1. Eksportir Development Prgramme, Common Market Organization, merger, dan kebijakan dalam memberikan kesempatan ekspor bagi perusahaan yang hanya memiliki lisensi, serta melakukan hubungan internasional merupakan strategi pesaing dalam meningkatkan produk perkebunannya sehingga berfluktuasinya perkembangan ekspor komoditi perkebunan Indonesia, selain karena strategi tersebut masalah mutu dan produktivitas yang rendah juga menjadi alasan, sehingga masih terdapatnya komoditi perkebunan Indonesia yang berada pada posisi Lost Opportunity, sehingga keuntungan harusnya didapat menjadi hilang. 2. Hasil perkebunan Indonesia yang memiliki keunggulan komparatif tertinggi adalah kelapa sawit, sedangkan komoditi lainnya berada dibawah komoditi tersebut secara berturut-turut adalah kayu manis, pala, lada, kakao, teh, kopi, cengkeh, kelapa, kacang mete, tembakau dan karet, namun seluruh komoditi tersebut memiliki keunggulan komparatif di atas rata-rata dunia pada negara importir utama dan dunia. 3. Pasar yang paling baik dimasuki karena permintaan pasar yang meningkat adalah Malaysia, India, China, Jerman, Amerika Serikat, Jepang, Singapura dan dunia, sedangkan empat pasar lainnya yaitu Belanda, Belgia, Australia dan Inggris memiliki permintaan komoditi perkebunan yang menurun. 4. Filipina dan Thailand yang dianggap memiliki kesamaan karakteristik secara geografis hanya memiliki keunggulan komparatif yang tinggi terhadap komoditi kelapa dan karet, sedangkan negara yang dapat dijadikan perbandingan di Wilayah Asean adalah Malaysia dan Singapura.

6.2 Saran

1. Kebijakan pemerintah dalam membuka investasi asing yang berujung pada pembukaan lahan harus dibatasi dengan mempertimbangkan keuntungan dan kerugian yang didapat, walaupun dapat meningkatkan pemasukkan devisa, namun dengan adanya pembatasan di Uni Eropa secara non tarif dalam bentuk anti perusakkan lingkungan produk Indonesia menjadi terhambat untuk masuk pasar Belgia, Belanda dan Inggris, sehingga devisa yang harusnya diterima lebih besar akan berkurang. 2. Masih terdapat komoditi Indonesia yang berada pada posisi Lost Opportunity pada pasar China, Jepang, Singapura, India, Amerika Serikat dan Jerman serta Dunia, sehingga perlu dilakukannya kebijakan promosi ekspor seperti yang dilakukan di Sao Paolo Brazil, yaitu dengan mendirikan Indonesian Trade Promotion Centre , dan ditambah dengan daya tarik berupa produk dengan identitas geografis dengan begitu komoditi kita akan menarik dan dikenal sehingga memiliki merk tersendiri yang diminati untuk dikonsumsi yang bertujuan untuk memperkenalkan produk yang memiliki permintaan menurun sehingga akan menghasilkan devisa dan juga akan meningkatkan daya saing produk. 3. Strategi yang dapat dilakukan selain promosi adalah menjalin hubungan bilateral yang lebih kuat dengan negara lain, sehingga Indonesia dapat membuka akses untuk mendapatkan informasi dan pengetahuan baik mengenai kebutuhan impor negara tersebut maupun informasi strategi kebijakan ekonomi yang dilakukan negara pesaing.

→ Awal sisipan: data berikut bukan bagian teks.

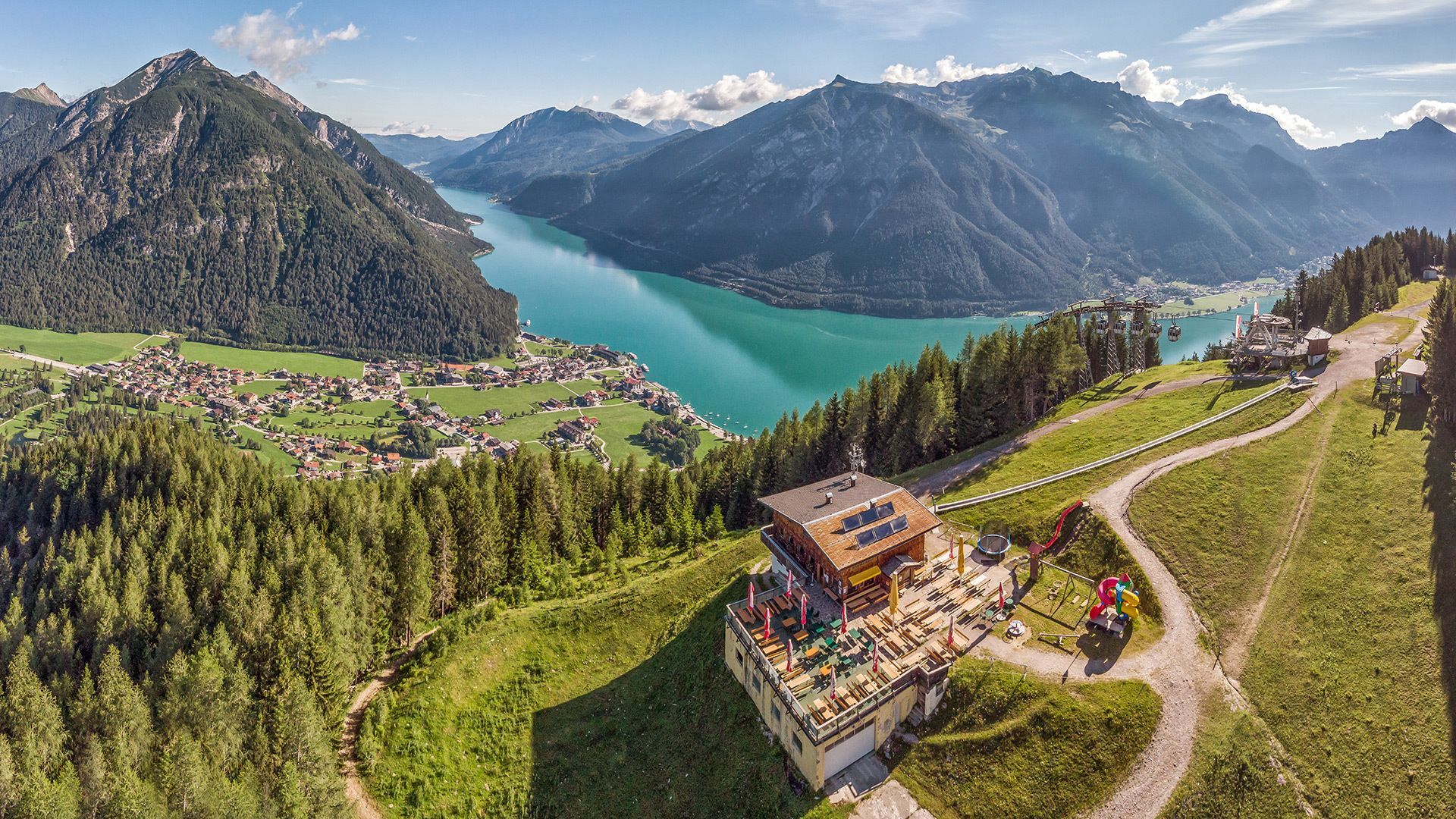 Bei der Ortseinfahrt von Pertisau die erste Straße links bergauf in Richtung Karwendel-Bergbahn nehmen. Die Bergbahn liegt nach ca. 750m auf der linken Seite. Auffahrt mit der Bergbahn.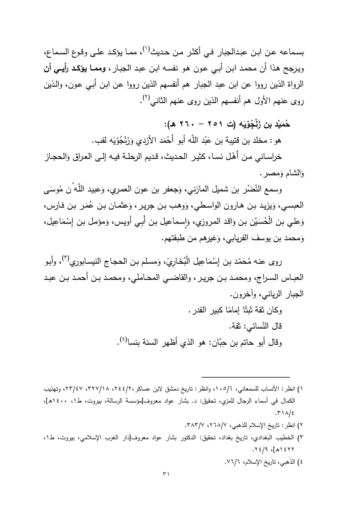 بسماعه عن ابن عبدالجبار في أكثر من حديث (¬1)، مما يؤكد على وقوع السماع، ويرجح هذا أن محمد ابن أبي عون هو نفسه ابن عبد الجبار، ومما يؤكد رأيي أن الرواة الذين رووا عن ابن عبد الجبار هم أنفسهم الذين رووا عن ابن أبي عون، والذين روى عنهم الأول هم أنفسهم الذين روى عنهم الثاني (¬2).

Karena dengan begitu kemampuan dalam menyediakan komoditi perkebunan dipasar yang permintaannya meningkat akan terjamin sehingga pemasukkan devisa bagi negara juga akan terjamin. 4. Kebijakan dalam negeri yang baik dilakukan adalah Gerakan Nasional setiap komodti perkebunan Indonesia, bukan hanya komoditi kakao dan kopi saja, karena dengan adanya gerakan tersebut akan adanya tenaga pendamping yang disediakan pemerintah dari kalangan akademis sehingga dapat meningkatkan kemampuan petani perkebunan sehingga berimplikasi pula terhadap peningkatan produksi, sehingga dapat meningkatkan pendapatan petani pula.